Kyme and my match had come to an end. It was the last time we would hang out together. It had been a year since we had been paired up through Big Brothers and Big Sisters, and as I drove her back home from our last activity, I felt like a failure.
I had first heard about the organisation in an Archie's comic book. I was probably ten years old then and had no idea what was outside the world my parents had built for me between Oman and India. A lifetime later when I became independent in Tulsa, USA, I remembered BBBS and looked them up. I wanted to make a difference in someone's life while my own was in utter chaos. Soon I found myself in their office sorting through a bunch of children's profiles for The One.
Her name was Kymnesha Edwards. She was 14, black, and two years behind in school. She lived with her parents and younger sister in a neighbourhood where trees were never trimmed and the grass grew between the bricks on the pavement. Her mother used to work in a hospital. Her father had been to jail but now worked odd-jobs.
My primary contact as her Big was her mother. I wanted to do it right, not make any mistakes. I asked her mother all the right questions - what did she think were Kyme's strengths and weaknesses, what did she want me to do for Kyme? Mrs. Edwards had had a hard life but was a strong woman who held her family together. She told me that Kyme was a creative child who loved books but didn't feel confident about her reading skills. She got intimidated by too many words, so would check out books on tape from the public library. Her spelling was below average for children her age, yet she still couldn't stop writing stories in her wobbly handwriting. Mrs. Edwards wanted me to nudge Kyme towards actual reading and expose her to the shiny world everyone else lived in.
I was ready to groom genius. In the couple of hours I would spend with Kyme every week, I tried to pass down all the knowledge I had ever acquired about world religions, philosophy, politics, ethics, and culture. I gave her weekly creative writing assignments and tried teaching her new words. I tried to come up with activities that nobody had ever come up with. A new one every week, something that would blow her mind. I took her to a workshop about food shortage. I even took her to see 'Swan Lake'. She nodded off to sleep. I was crushed even though I was forcing myself to stay awake.
Kyme would listen to everything I said, but I felt like the relationship was becoming one-way. And pretty soon, I was burned out. I couldn't think of any more earth-shattering activities. Our outings dwindled to fooling around at the mall and chit-chats over ice cream. She started telling me about her complicated social circle in school. She told me about this one guy who thought he was all that. I remembered that I too had once been 14, and I gave her my 26-year-old advice. Then I told her about who had given me an attitude at work that day.
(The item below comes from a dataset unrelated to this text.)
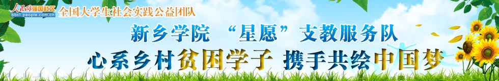 “星愿”義務(wù)支教服務(wù)隊(duì)于2009年成立,現(xiàn)有支教志愿者120余名。除多次開(kāi)展暑期社會(huì)實(shí)踐支教活動(dòng)外,在校期間他們還堅(jiān)持每周二下午赴貧困小學(xué)義務(wù)支教活動(dòng)。五年來(lái),他們參與支教的次數(shù)達(dá)100余次,9000余小時(shí)課時(shí)。他們與新鄉(xiāng)市紅旗區(qū)平原小學(xué)、封丘縣潘店鎮(zhèn)老莊小學(xué)建立了長(zhǎng)期幫扶關(guān)系,還在延津縣榆林鄉(xiāng)大榆林小學(xué)、夾堤小學(xué)建立了愛(ài)心支教服務(wù)基地。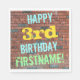Cette conception amusante de serviette en papier sur le thème de l'anniversaire comporte un message comme "HAPPY 3rd BIRTHDAY, FIRSTNAME!", où le nom peut être personnalisé. L'arrière - plan est représenté par un mur en brique composé de briques de couleur rougeâtre. Le texte du message personnalisable comporte des couleurs comme le bleu, le jaune et le vert, et il a un aspect inspiré de celui des graffitis peints. Des serviettes comme celles-ci pourraient être utilisées à une fête d'anniversaire pour quelqu'un qui célèbre son troisième anniversaire. [~Z0000271]

I began to forget about being the best Big in history. I took Kyme to my workplace and introduced her to everyone as my Little. We took photos of her in my high-tech cube. We went to the Scottish festival where we both watched the stepdancers with our mouths hanging open in awe. I showed her my fake British accent and even convinced other people by ordering an entire sandwich at a Subway like an Englishwoman.
She liked my Queen CD so I burned her a copy. I caught her humming 'The Show Must Go On' for many days. After checking with her mother, I gave her an authentic Queen CD set for her birthday, the same one we used to listen to in my car while driving all over Tulsa. We made a scrapbook. I listened to the stories she wrote and told her she could become a writer just like, well, me. We hung out at the mall, sipped milkshakes, and tried the cheap massage chairs there. It was my first time.
Our last activity was watching Barnyard at the dollar theater. I couldn't remember the last time I had pried myself away from my foreign films and disastrous true-life dramas to enjoy a simple children's movie. We laughed a lot. We knew it was the last time we were going to be hanging out together but we didn't bring it up much. I was planning on leaving Tulsa for good.
That ride back was the last time I would get to tell Kyme to believe in herself when others didn't. I did tell her but I wished I could say something bigger that would stick in her mind long after I had gone. I hadn't made her a genius the way I had thought I would. She was still Kyme from the same neighbourhood, only a year older. I hadn't made any difference in her life. For someone who can talk a lot, I sometimes end up saying everything except what needs to be said.
Kyme had something to say too. She struggled with it, maybe she was like me. After dutifully listening to everything I had to say, she told me that she had checked out a book from the library. A book with words to be read, not to be heard on tape. A grown-up book, not for little children. A book with lots of big words and no pictures. She said that she one day just felt like trying it out. Then she read it and loved it. Then she checked out more books and couldn't stop reading. She loved reading books now. She didn't check out books on tape anymore.
The look on her face as she told me this was one of a new belief in herself. The kind that you get by conquering an obstacle that you thought you were just too stupid to overcome. Sometime between boring ballets and fake accents, I had made a difference when I wasn't even trying.